• Problem to work on: An exact repetition of the data is required; no picture should appear in it.

• Data excerpt:
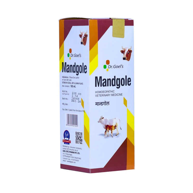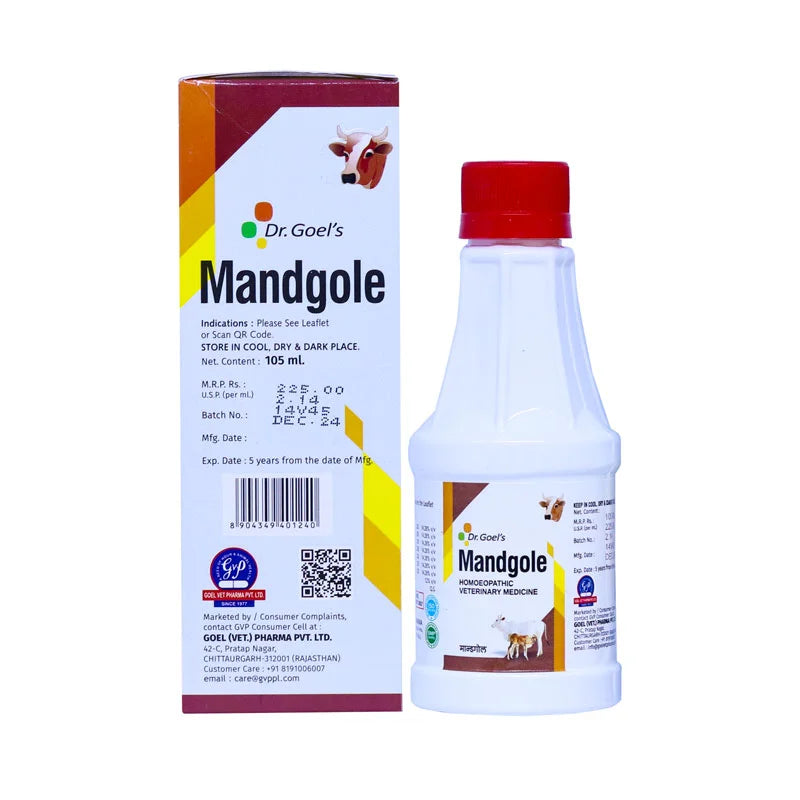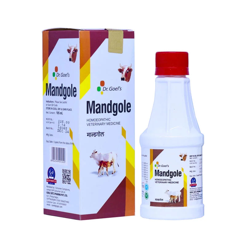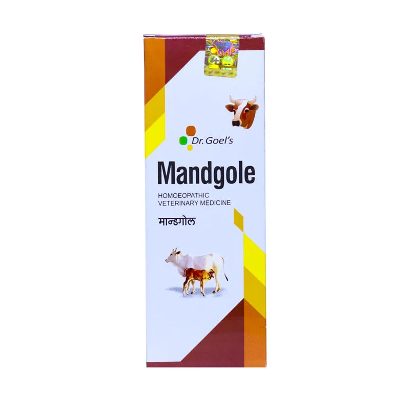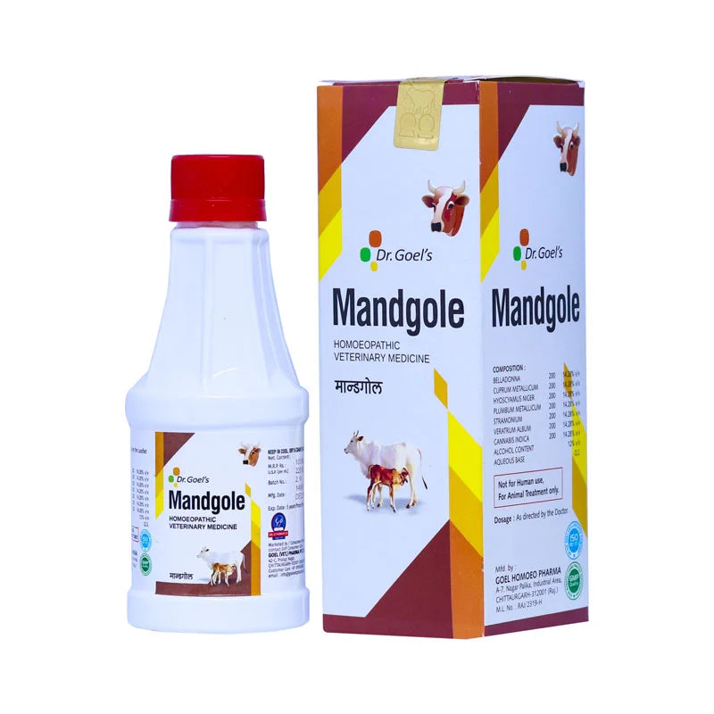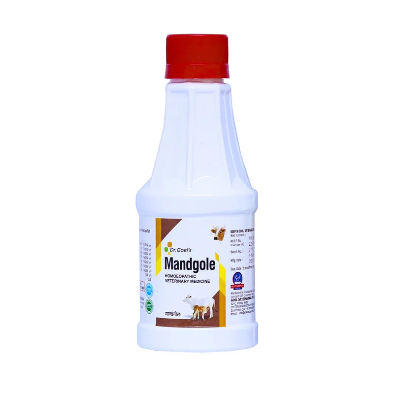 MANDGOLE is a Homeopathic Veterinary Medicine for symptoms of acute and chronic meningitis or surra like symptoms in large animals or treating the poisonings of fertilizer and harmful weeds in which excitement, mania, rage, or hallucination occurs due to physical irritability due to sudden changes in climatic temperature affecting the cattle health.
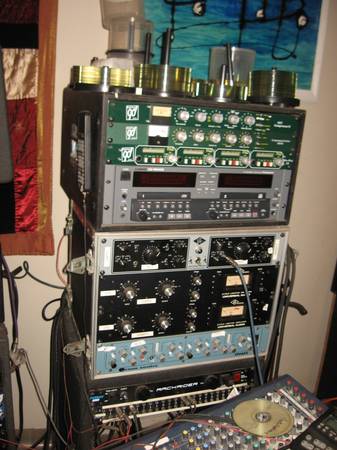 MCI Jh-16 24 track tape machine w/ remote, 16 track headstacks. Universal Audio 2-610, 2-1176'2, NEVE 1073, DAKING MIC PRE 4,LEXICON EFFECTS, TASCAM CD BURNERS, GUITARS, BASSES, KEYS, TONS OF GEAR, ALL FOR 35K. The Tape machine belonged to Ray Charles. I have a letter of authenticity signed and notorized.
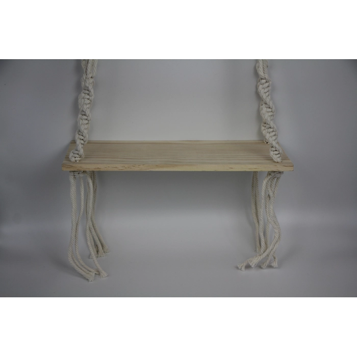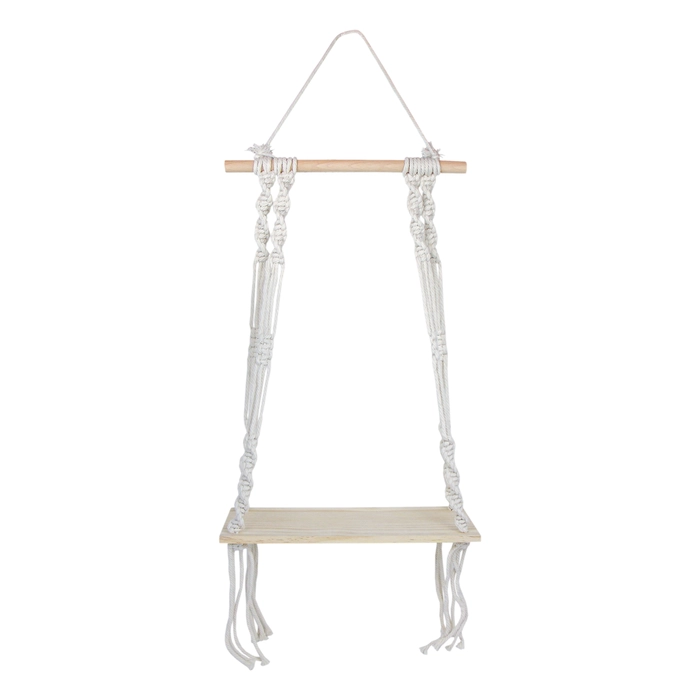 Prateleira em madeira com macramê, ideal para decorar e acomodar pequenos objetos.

• Solution to the problem:
 MANDGOLE is a Homeopathic Veterinary Medicine for symptoms of acute and chronic meningitis or surra like symptoms in large animals or treating the poisonings of fertilizer and harmful weeds in which excitement, mania, rage, or hallucination occurs due to physical irritability due to sudden changes in climatic temperature affecting the cattle health.
 MCI Jh-16 24 track tape machine w/ remote, 16 track headstacks. Universal Audio 2-610, 2-1176'2, NEVE 1073, DAKING MIC PRE 4,LEXICON EFFECTS, TASCAM CD BURNERS, GUITARS, BASSES, KEYS, TONS OF GEAR, ALL FOR 35K. The Tape machine belonged to Ray Charles. I have a letter of authenticity signed and notorized.
 Prateleira em madeira com macramê, ideal para decorar e acomodar pequenos objetos.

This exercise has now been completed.